See the associated tutorial on using this Google Colab on MLforSEO blog - [How to use Google Autocomplete API and Place API for Keyword Suggestions with Python](https://www.mlforseo.com/machine-learning-implementation-guides/keyword-research/how-to-use-google-autocomplete-apis-for-keyword-suggestions/)

If you're interested in [ML-enabled Semantic Keyword Research - purchase the course](https://academy.mlforseo.com/product/semantic-ml-enabled-keyword-research-course/).

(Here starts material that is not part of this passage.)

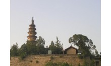 七寶塔在山西平順縣城西北23公里大云寺前。周顯德元年(公元 954年)建。通體用堅硬青石雕造。原為七層,現存五層,高為六米。下三層平面八角形。第一層雕寶裝蓮花、獅子、麒麟、飛馬等。第二層雕伎樂人,體態輕盈,舞姿優美,伴奏者栩栩如生。第三層轉角處雕絞龍柱,回旋盤繞。塔檐下飛鳳、飛仙、共命鳥等變化多姿。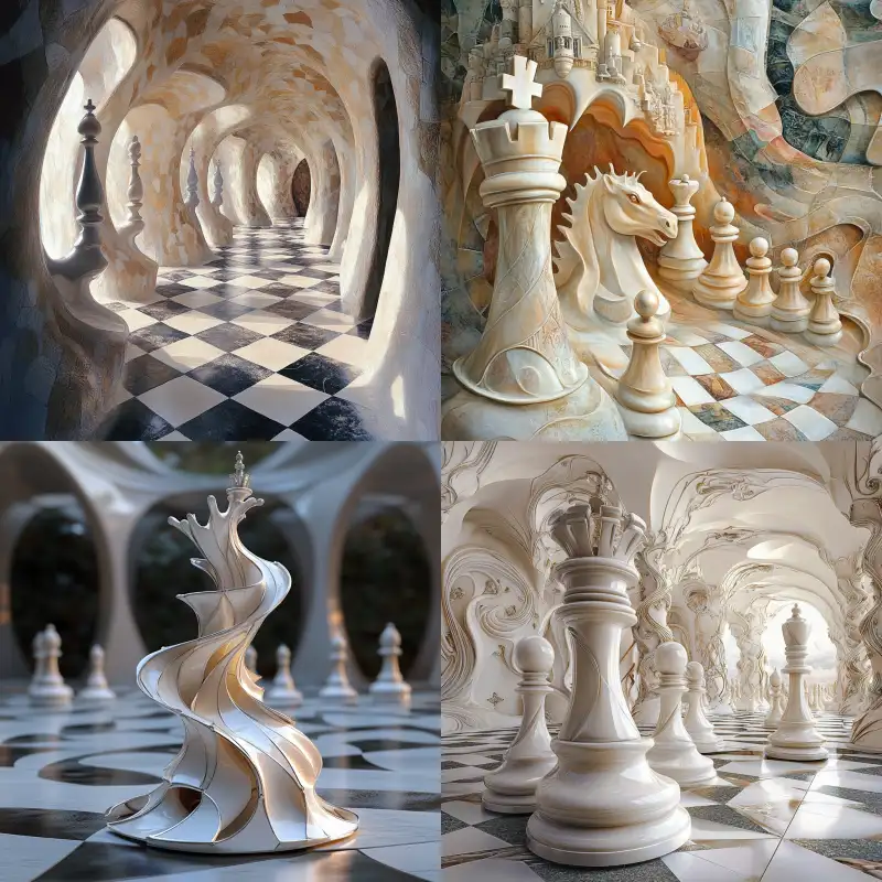 Midjourney Bot 更新时间:2024-11-04 00:02Light colored, Gaudi, flowing and elegant, chess --v 6.1 --ar 1:1

# Google Search Autocomplete



This script is designed to streamline the process of keyword research by leveraging Google Autocomplete. Here's a step-by-step explanation of what it does and how it can be useful:

The goal is to generate a comprehensive list of keyword suggestions based on user-provided seed keywords and organize them into clusters. Each suggestion is linked back to its seed keyword for easy analysis.

## Key Features:
* User-Friendly Input:


The user uploads a CSV file containing up to 100 seed keywords.
Each keyword serves as a starting point for generating related suggestions.
* Automated Keyword Expansion:

The script queries Google Suggest for each seed keyword, exploring multiple variations by appending letters (a-z) and blank spaces.
This ensures a wide range of suggestions, capturing potential long-tail keywords.
* Stopword Filtering:

A built-in list of common stopwords removes irrelevant terms, ensuring only meaningful words contribute to clustering.
*  Keyword Clustering:

Suggestions are grouped based on common terms.
Each suggestion is tagged with its corresponding cluster (common word) and the originating seed keyword.
* Batch Processing:

The script processes keywords in batches of 5 to optimize performance and avoid query throttling by Google.
## What you get:

The output is a CSV file containing:

*  Keyword: The suggested search term.
* Cluster: The common word used for grouping.
* Seed Keyword: The original keyword that generated the suggestion.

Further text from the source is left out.